Abstract
During cell movement, microtubules may control the actin cytoskeleton through specific Rho GTPases. An understanding of the spatial control of cell motility may now be within reach.
Main
Cell movement is a highly coordinated process. First, the front of the cell protrudes and then attaches to the substratum on which the cell is moving. Then, the cytoplasm moves forward. Finally, the cell's rear releases its attachments to the substratum and moves forward. All of these steps depend on localized polymerization of the cytoskeletal protein actin, which forms different structures in different parts of the motile cell. Specific active GTP-hydrolysing proteins (GTPases) of the Rho family1,2 can induce these processes.

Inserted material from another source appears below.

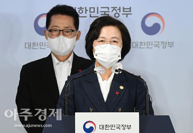 추미애(오른쪽) 법무부 장관과 박지원 국가정보원장이 16일 서울 종로구 정부서울청사 합동브리핑실에서 권력기관 개혁 관련 언론 브리핑을 하고 있다. |
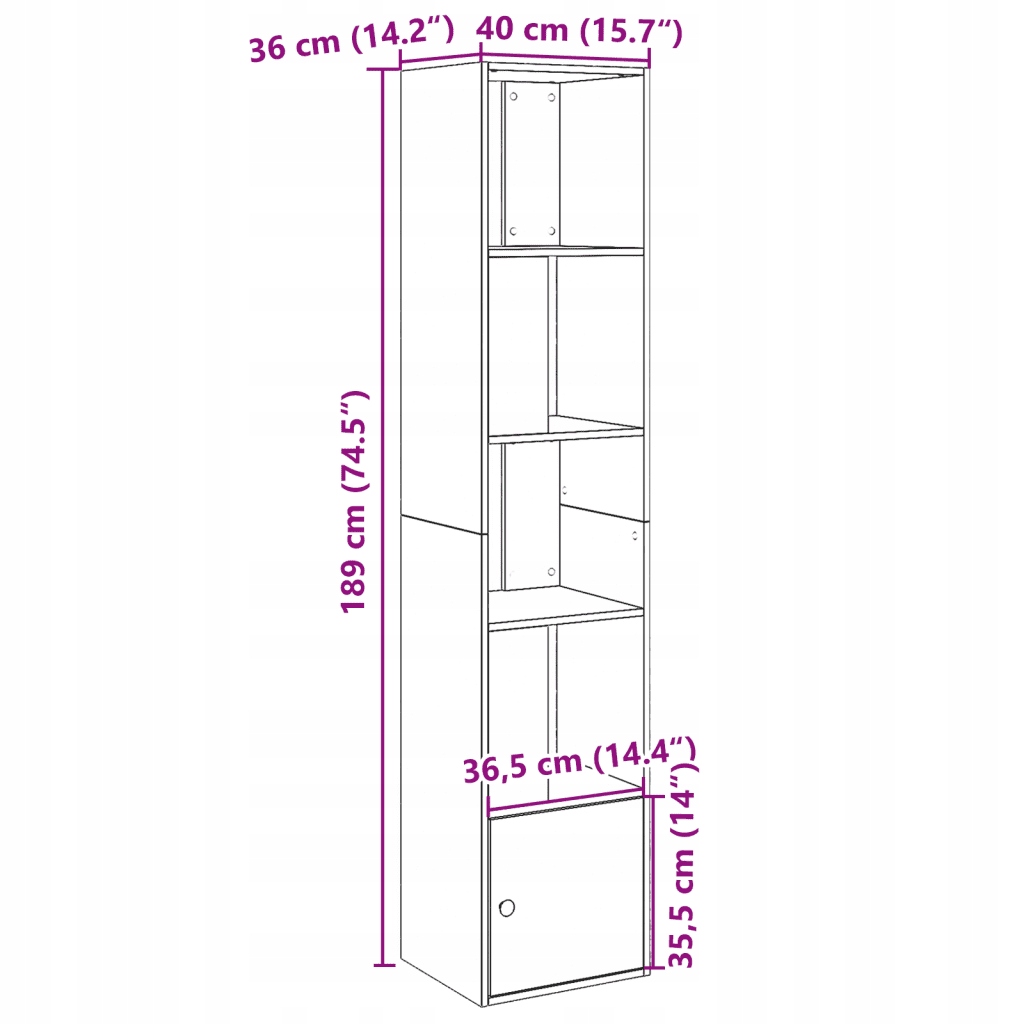 Етажерка, дуб коричневий, 40x36x189 см, матеріал дерево

Microtubule dynamics can also coordinate actin-based movements — for example, when microtubules depolymerize, a cell loses polarity and its migration speed slows3,4,5. Are Rho GTPases, microtubule dynamics and actin polymerization linked? Studies of the Rho proteins Rho and Rac by Ren and colleagues6 and Waterman-Storer and co-workers7 now suggest an answer.
If we want to understand exactly how Rho GTPases could be linked to microtubule dynamics and actin polymerization, we need to be able to assay when and where in the cell they are active. Rho proteins are active when they bind GTP, and inactive when they bind GDP. So we need to know how many of the proteins are in their GTP-bound form when known microtubule and actin dynamics are taking place. For this purpose, Waterman-Storer et al.7 and Ren et al.6 have used a new "pull-down" assay (Fig. 1).
The assay uses the G-protein-binding domain (GBD) of a downstream target of Rac or Rho that selectively binds the Rho protein in its active (GTP-bound) form. Binding of the GBD to Rac or Rho is stable enough to allow isolation of the GBD–Rac/Rho-GTP complex. The precipitated GTPase is then quantified by a western blot.
The new assay of Rho activation6 helps to explain how microtubule depolymerization decreases cell movement and increases the contractile force that cells impart to the substratum3,5. It was thought that microtubule depolymerization might increase force by merely removing an internal mechanical constraint on contraction8. Alternatively, depolymerization might stimulate contraction of actin–myosin chains, as increased phosphorylation of the myosin light chain follows microtubule depolymerization9. Rho stimulates this phosphorylation and inhibitors of Rho block both the increased force and the phosphorylation10,11. Now Ren et al.6 show that induction of microtubule depolymerization by the drug colchicine in 3T3 fibroblasts activates Rho, as determined in a pull-down assay; active Rho then stimulates cytoplasmic contraction9,10,11.
Active Rac, in contrast, can induce the formation of cell protrusions, and so enhances cell motility. Microtubule dynamics can also modulate cell protrusions, and Waterman-Storer et al.7 reveal how Rac and microtubules can be linked to enhance actin polymerization and the formation of protrusions. Protrusion at the cell surface decreases following depolymerization of microtubules by the drug nocodazole4. Waterman-Storer et al.7 show that when nocodazole is washed out and microtubules reassemble, protrusive activity increases. It seems not to be the amount of polymerized microtubules that is important, but rather their dynamics — the changes between periods of microtubule depolymerization and polymerization. If microtubule dynamics are blocked, cell migrations and surface protrusions are inhibited12,13,14.
Are the effects of these microtubule dynamics on actin polymerization mediated through Rac? The answer is probably "yes" — Waterman-Storer et al. 7 show that dominant-negative Rac blocks the increased protrusion induced by microtubule dynamics, and that microtubule polymerization increases the amount of active Rac detected in a pull-down assay. Their studies of Rac are also consistent with the idea that it is the microtubule dynamics, rather than the amount of microtubules, that are important.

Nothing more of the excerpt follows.